Posted by goralewicz
Crawling and indexing has been a hot topic over the last few years. As soon as Google launched Google Panda, people rushed to their server logs and crawling stats and began fixing their index bloat. All those problems didn’t exist in the “SEO = backlinks” era from a few years ago. With this exponential growth of technical SEO, we need to get more and more technical. That being said, we still don’t know how exactly Google crawls our websites. Many SEOs still can’t tell the difference between crawling and indexing.
The biggest problem, though, is that when we want to troubleshoot indexing problems, the only tool in our arsenal is Google Search Console and the Fetch and Render tool. Once your website includes more than HTML and CSS, there’s a lot of guesswork into how your content will be indexed by Google. This approach is risky, expensive, and can fail multiple times. Even when you discover the pieces of your website that weren’t indexed properly, it’s extremely difficult to get to the bottom of the problem and find the fragments of code responsible for the indexing problems.
Fortunately, this is about to change. Recently, Ilya Grigorik from Google shared one of the most valuable insights into how crawlers work:
Interestingly, this tweet didn’t get nearly as much attention as I would expect.
Knowing that Chrome 41 is the technology behind the Web Rendering Service is a game-changer. Before this announcement, our only solution was to use Fetch and Render in Google Search Console to see our page rendered by the Website Rendering Service (WRS). This means we can troubleshoot technical problems that would otherwise have required experimenting and creating staging environments. Now, all you need to do is download and install Chrome 41 to see how your website loads in the browser. That’s it.

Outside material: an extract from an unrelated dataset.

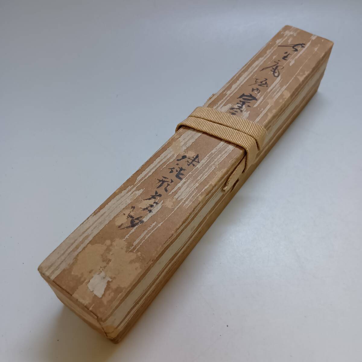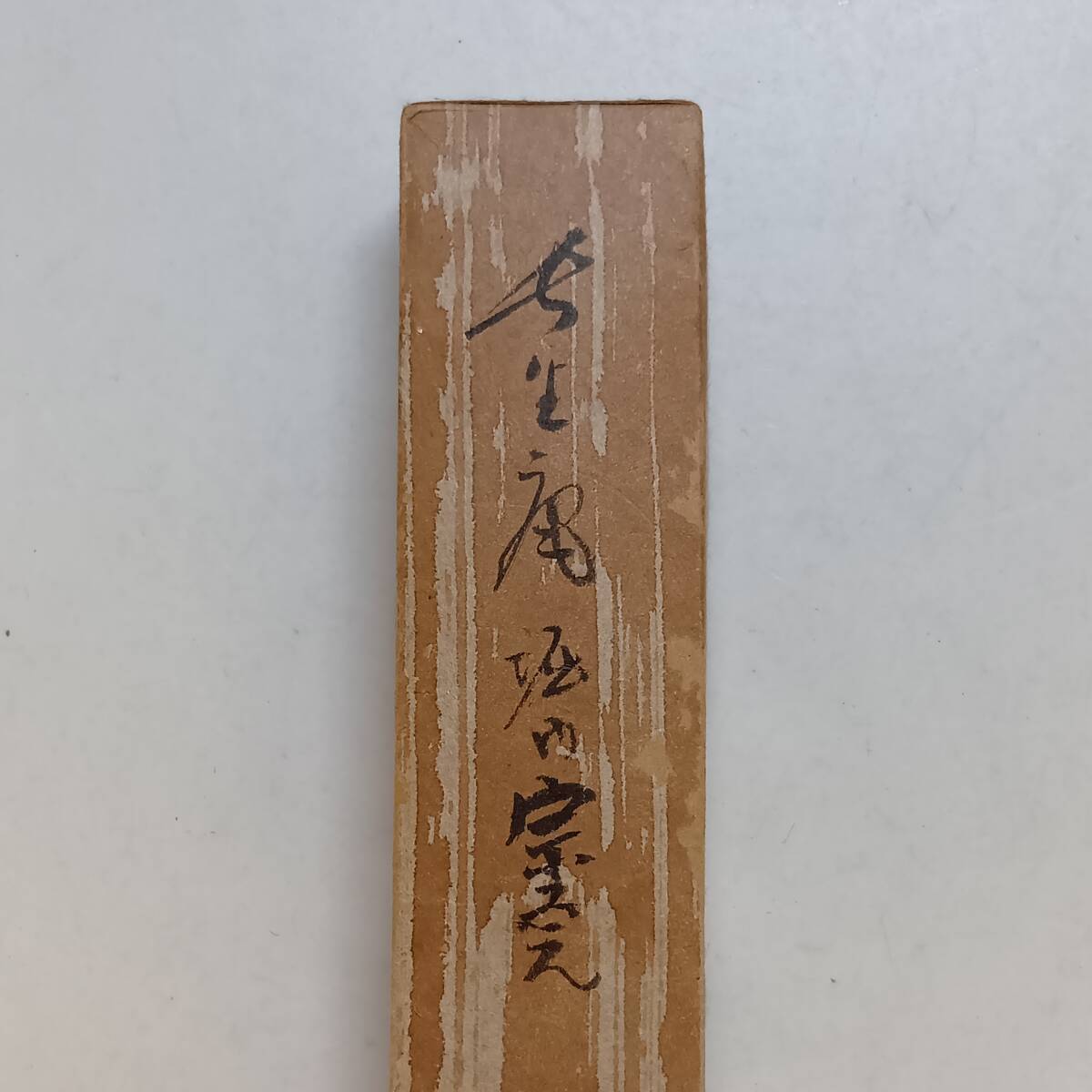 | ◆ご入札、ご落札前に必ず下記の注意事項をお読みください◆ (ご落札後は注意事項に同意頂いたものとさせて頂きます。) ●サイズ:全長約17cm×最大幅約1.2cm ※茶人として収集したお茶道具を出品させて頂いております。その為、正式な真贋は行っておりません。いずれもお茶席で使用していますが、なかには未使用に近いものもございます。大切にして頂ける方にお譲りいたします。 陶製のものに関しては目視で「欠け」や「スレ」等があれば、記載させて頂きますが、基本的には写真にてご判断頂いた上、慎重なご入札をお願い致します。 (美品や完品をお求めの方、細かいところが気になる方は入札をお控え下さい。) ※外箱にはどれも保管時の経年変化によるスレ、変色、汚れなどがみられます。 内側の包み紙(布)等は、敢えて古いままで発送致しますが(経年変化による変色やシミがみられるものがあります)、傷みが大きいものに関しては、梱包材を変えて発送させて頂く場合もございます。 ※不明な点などは、必ずご落札前にご質問下さい。 ご落札後の商品状態に関するご質問や、それによるキャンセルはご遠慮下さい。 ※お品の性質上、原則ノークレーム・ノーリターンでお願い致します。 ※発送方法に関して、下記にも記載させて頂いております発送方法(匿名発送)以外はお受けいたしません。 ※匿名発送につき、領収書は発行致しません。 必要な場合は、ヤフーかんたん決済のご利用明細書を印刷してご対応をお願いします。 注意事項+++ ●ご落札後、5日以内にご連絡、ご入金頂けない場合は大変残念ですが、キャンセルとさせて頂きます。(キャンセル前のご連絡は致しませんのでお気を付け下さい。) ●ご落札者様のご依頼によるキャンセルについては、「ご落札者様の都合」によるキャンセルとさせて頂きます。 ご入札後、「入札取消」のご依頼を頂いても、終了時間前に対応出来ないこともあり、その場合も「ご落札者様都合」のキャンセルとさせて頂きますので、慎重なご入札をお願い致します。(落札された時点でご購入頂けなくとも、ヤフーの「落札システム使用料(落札価格の約10%)」がかかる為、何卒ご了承下さいませ。) ●発送は基本、送料込みの匿名発送とさせて頂いております。その為、ご落札後に宛先変更(取引ナビに表示されているお届け先情報)は変更出来ません。 ※必ずご落札前に、ヤフーにご登録のお届け先情報を変更された上でご入札下さい。 (もしどうしても変更が必要な場合は、一旦「落札者様都合のキャンセル」としたうえで、再度のご落札をお願い致します。※この場合、ヤフーのシステム上「悪い評価」が自動でつくこととなります。くれぐれもお気を付け下さい。) また、営業所留めやコンビニ受取りをご希望の場合、ご落札者様のほうでお手続きが必要となります。下記のヤフオク!ヘルプのサイトでご確認下さい。 →https://support.yahoo-net.jp/PccAuctions/s/article/H000013307 ●基本的にお取引後には「評価」を入れさせて頂きます。 評価をご希望でない方は事前に取引メッセージよりお知らせ下さい。 ●お値引きについては対応しておりませんので、値引き交渉はご遠慮下さい。 (質問欄よりのお値引き交渉に対しては回答を控えさせて頂きます。) ●出品させて頂いているお品は、全て自宅保管のお品となります。 美品や完品をお求めの方、細かいところが気になる方はご入札をお控え下さい。 ●発送時の梱包材はリサイクル品を使用させて頂くこともあり、出品価格を安価にする為、簡易包装で発送させて頂きます。ご理解頂けますと幸いです。 ●配送中のトラブル(破損等)があった場合は、お受取りの連絡をせず、まずはヤフオク!にご連絡をお願い致します。(補償については下記のサイトでご確認下さい。) →https://support.yahoo-net.jp/PccAuctions/s/article/H000005188 | |||

You can check the features and capabilities that Chrome 41 supports by visiting Caniuse.com or Chromestatus.com (Googlebot should support similar features). These two websites make a developer’s life much easier.
Even though we don’t know exactly which version Ilya had in mind, we can find Chrome’s version used by the WRS by looking at the server logs. It’s Chrome 41.0.2272.118.
Chrome 41 was created two years ago (in 2015), so it’s far removed from the current version of the browser. However, as Ilya Grigorik said, an update is coming:
I was lucky enough to get Ilya Grigorik to read this article before it was published, and he provided a ton of valuable feedback on this topic. He mentioned that they are hoping to have the WRS updated by 2018. Fingers crossed!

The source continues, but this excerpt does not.